Sandra Spatz Schlachtmeyer, a writer who researched the life and death of Kennicott for her recently published book A Death Decoded: Robert Kennicott and the Alaska Telegraph, quotes an admirer of the explorer who once said, "Robert Kennicott is largely responsible for our purchase of Alaska. Without his knowledge of that mighty region, contained in a score of reports to the Smithsonian, we should never have known enough about Alaska to want it."

Kennicott made two expeditions to the Yukon, in 1859 and 1865. His missions on the two trips were to assess the economic advantages (harvestable forest, viable shipping harbors, etc.) the U.S. stood to gain from the purchase of Alaska, to collect wildlife and anthropological specimens for the Smithsonian Institution's collections and to expand the reach of the telegraph. Though Kennicott wrote some of the first accounts of the area and Smithsonian scientists continue to compare current animal specimens to those he contributed, the explorer's story has been largely lost in time. He died a mysterious death in 1866 at the age of 30 while on his second Alaskan expedition.

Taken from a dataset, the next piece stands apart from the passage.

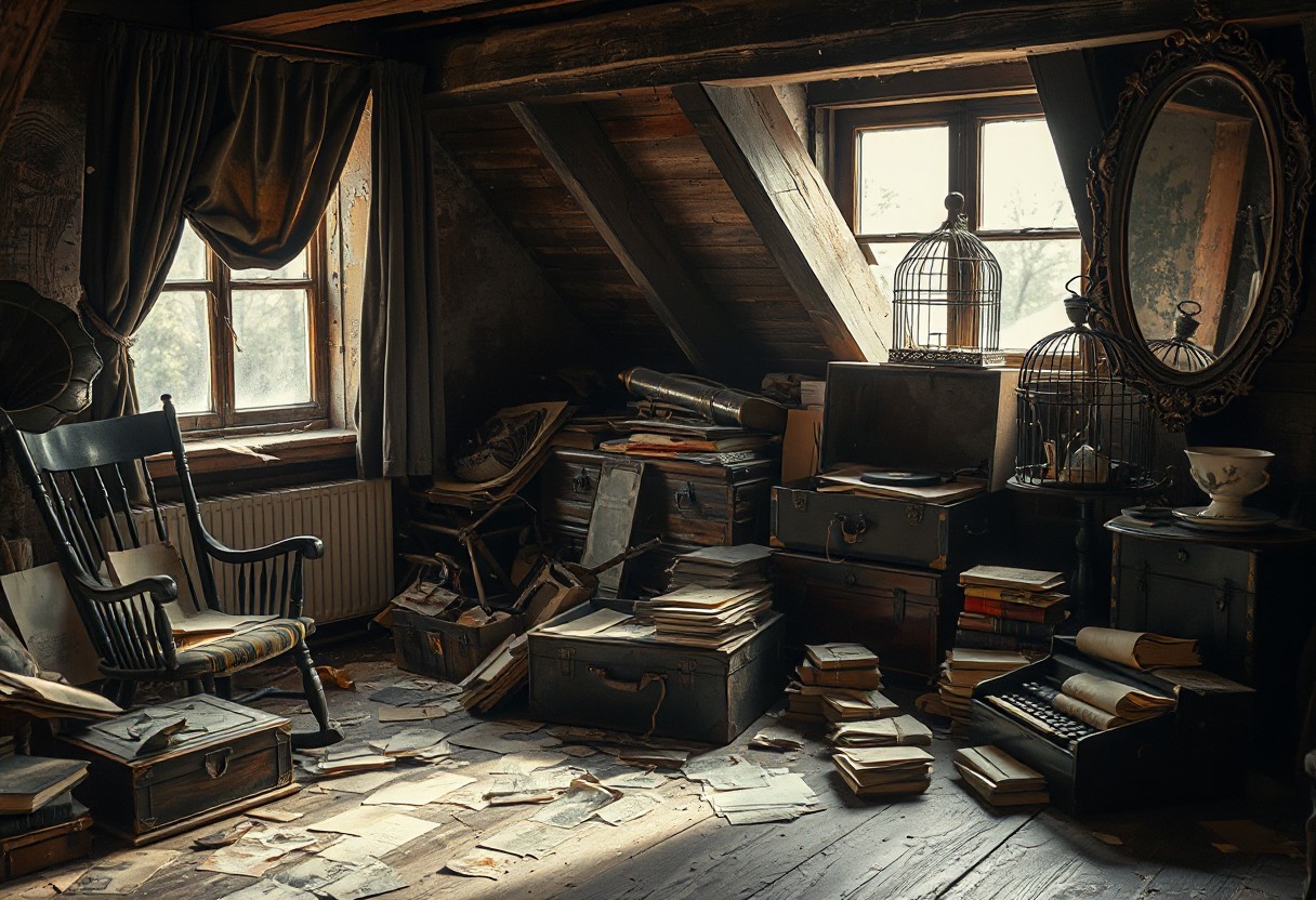 Captured with a Canon EOS R5, the scene features soft ambient light diffused through dusty attic windows. An old rocking chair sits among scattered relics—faded postcards, crumpled letters, and stacks of forgotten books. A torn velvet curtain sways with the breeze, filtering light into the space. The air is thick with the scent of aged wood and musty paper. A phonograph stands in the corner, its needle poised above an untouched record, waiting to play a tune from another time. A chipped porcelain teacup sits abandoned on a nearby table, beside a dried-out fountain pen. An open trunk spills its contents—delicate lace dresses, yellowed photographs, and a pocket watch frozen at an uncertain moment in time. Dust motes swirl in the slanted rays of light, carrying echoes of the past. The floorboards creak under the weight of time, each groan a reminder of stories long forgotten. A stack of old telegrams, brittle with age, rests near an antique typewriter, the last letter still waiting to be completed. A wooden chest, its brass hinges tarnished, is partially open, revealing bundles of handwritten notes tied together with fraying ribbon. An ornate mirror, its edges dulled with age, leans against the far wall, reflecting the attic’s quiet decay. An empty birdcage sits atop a rickety stand, its door slightly ajar, as if the occupant had long since taken flight.

Robert Kennicott (1835-1866), explorer and naturalist, in his field clothes. Photo courtesy of Smithsonian Archives.

Hoping that the Smithsonian would want to take part in demystifying the death of Kennicott, the director of Kennicott's family home, The Grove, in Glenview, Illinois, contacted Douglas Owsley, a forensic anthropologist at the National Museum of Natural History, to conduct an autopsy in 2001. They were exhuming the naturalist's casket and thought it a good time to put the mystery to rest. Owsley agreed. In Kennicott's time, it was rumored that he committed suicide by ingesting a lethal dose of strychnine, a substance used to kill the animal specimens he collected. But the director of the Grove had his doubts.

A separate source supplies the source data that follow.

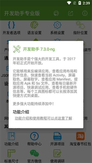 查看开源项目、调试应用程序、查看手机软硬件信息等,后续还会增加更多功能。
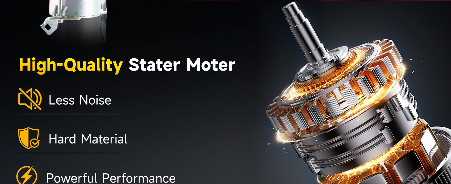 【Durable Construction】The starter motor is built with durable materials, resulting in a long lifespan and the ability to withstand frequent start-stop cycles. Drive End Housing made of Aluminum-Alloy Die-Castings for strong corrosion protection. Plunger made by CNC machining to ensure accurate and precise size. Solenoids and armatures use 200°C high-temperature resistant copper wire to guarantee longevity. Planetary Shaft and Starter Drive engineered and tested for maximum durability.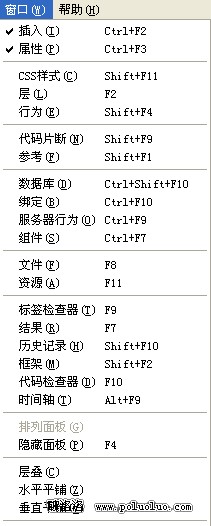 “窗口”菜單 提供對 DW中的所有面板、檢查器和窗口的訪問。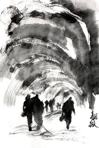 죽음은 새 삶의 전야제다. 그에 장례는 어쩌면 그간의 노고를 위로하고 앞으로의 모험을 응원하는 값진 이벤트다. 그렇다고 죽음을 지향하자는 것은 아니다. 우리 인간은, 아니 모든 생명은 죽음을 ‘지양’하는 성래가 있기에, 영원을 꿈꾸기에, 무한히 번식하고 번영하고 서로를 계몽한다. 인간은 죽음을 지양하지만 죽음은 모든 생명을 사랑한다. 그래서 우리의 성장을 응원하며 가장 나중에 우리에게 온다. 지금은 이 삶 직전의 일은 내 기억에 없지만 아마 태어났을 때, 그리고 말을 할 줄 알기 전까지는 기억하고 있었을지도 모른다. 입이 트이면 발설할 수 있으니 아마 그즈음 기억은 부러 서서히 사라져 갔을 수도. 원래 ‘핵심’이란 건 평생 쓰일 수 없는 것이어서, 뭘 잘 모르는 가장 처음에, 그리고 더 이상 쓸모없게 될 가장 나중에 다가오는 것. 지금까지의 삶을 톺아보면 원하지 않지만 맞이해야 하는 순간들이 나를 문턱에 서게 하고 문턱을 넘어가게 하였다. 내가 원했던 것은 항상 원치 않았던 것을 뚫고 해쳐 나왔을 때 그곳에 있었다. 원하는 것은 원치 않는 것을 앞세워 나에게로 온다. 따라서, 내게 오는 것은 그게 무엇이든 희망이고 유쾌함이라. 제 딴에 슬픔인 척, 위기인 척, 고통인 척 해도 나는 그것이 즐거움의 노림수란 걸 익히 알고 있다. 이것은 결코 그 ‘핵심’이란 것은 아니겠지만, 그것을 얻으려 발버둥 치는 중에 오는 힌트이고 단물일 것. 이거라도 감사히 받들어 나아가자. 그러다 어느덧, 나도 모두처럼 그렇게도 지양해 오던 죽음 앞에서 가장 깊어지겠제. #방석영 #방석영작가 #방석영씨어터 #bangtheater #bangseokyeong #韶效 #일러스트 #illustration #painting #inkdrawing #writer #탄생 #birth #터널 #tunnel #오후의달 #afternoonmoon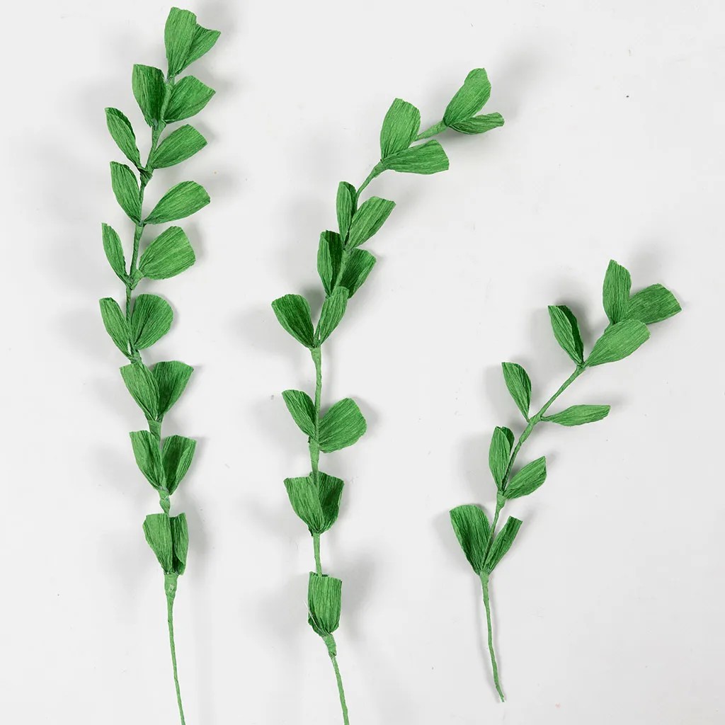 Maak uw eigen takken van crêpepapier. Elke tak heeft 18 kleine blaadjes, maar u kunt dit aantal naar wens aanpassen. Gebruik een lijmpistool of transparante hobby om de onderdelen aan elkaar te plakken.

"We were going to let the remains talk to us," says Owsley. After what he calls the "Cadillac treatment" of tests, Owsley and his team ultimately ruled that Kennicott died of natural causes, from heart failure. He suspects the explorer had long QT syndrome, a heart rhythm disorder that has caused many athletes to die suddenly during competition. What is particularly interesting about the case, as Owsley will tell you, is how modern forensic science, when combined with century-and-a-half-old documents describing a man's death and the events leading up to it, can provide an answer to a previously unanswerable question—or, in this case, set the record straight.

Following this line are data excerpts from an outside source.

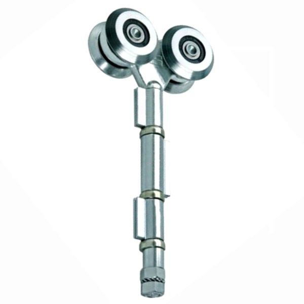 Carrello per portoni scorrevoli fisso Cerniera 3 ali – 2 rondelle intermedie 4 ruote con cuscinettimm 44/54 – Perno M12 Portata kg 280/300 Corpo acciaio stampato zincato
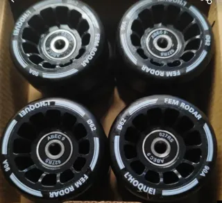 Pack de 8 ruedas nuevas para patines de hockey. super ligeras, gran adherencia y rápido desplazamiento - Dureza 90A. - Marca FEM RODAR L'HOQUEI - Diámetro 62x26mm - con todos los rodamientos . Abec 9..........69 euros ***** REGALO DE UNA BOLA PERSONALIZADA EN ENERO******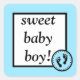 Pegatina Cuadrada Bebé dulce y huellas-azul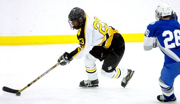 speeds past a defenseman on his way to the net.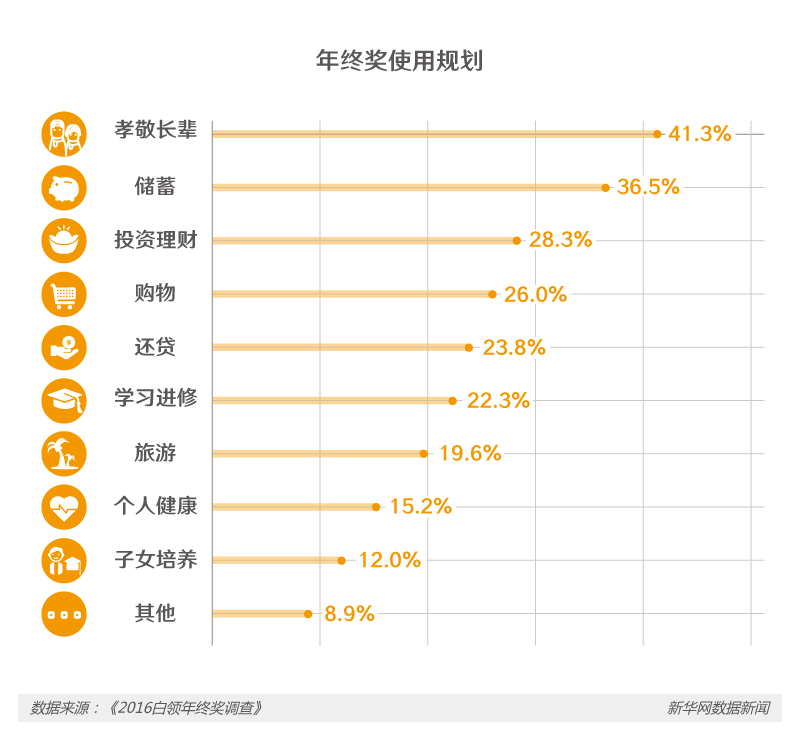 冬のボーナスを使って「自分にご褒美」をあげるだけでなく、両親に感謝を示すために使う人も多い。冬のボーナスの使い道をホワイトカラーに聞いたところ、最も多かったのが「親孝行」で4割以上。次に多かったのは「貯金」だった。

"There is not a department in this museum that doesn't have a Kennicott specimen. He contributed Indian artifacts, bird specimens, frogs.... He's just an important guy," explains Owsley. "I like giving him a fair recognition of what happened."

In her book, Schlachtmeyer alternates between presenting the results of the forensic investigation and reconstructing the story of Kennicott's telegraph expedition. All proceeds of A Death Decoded, available at the National Museum of Natural History's store, go directly to the Smithsonian.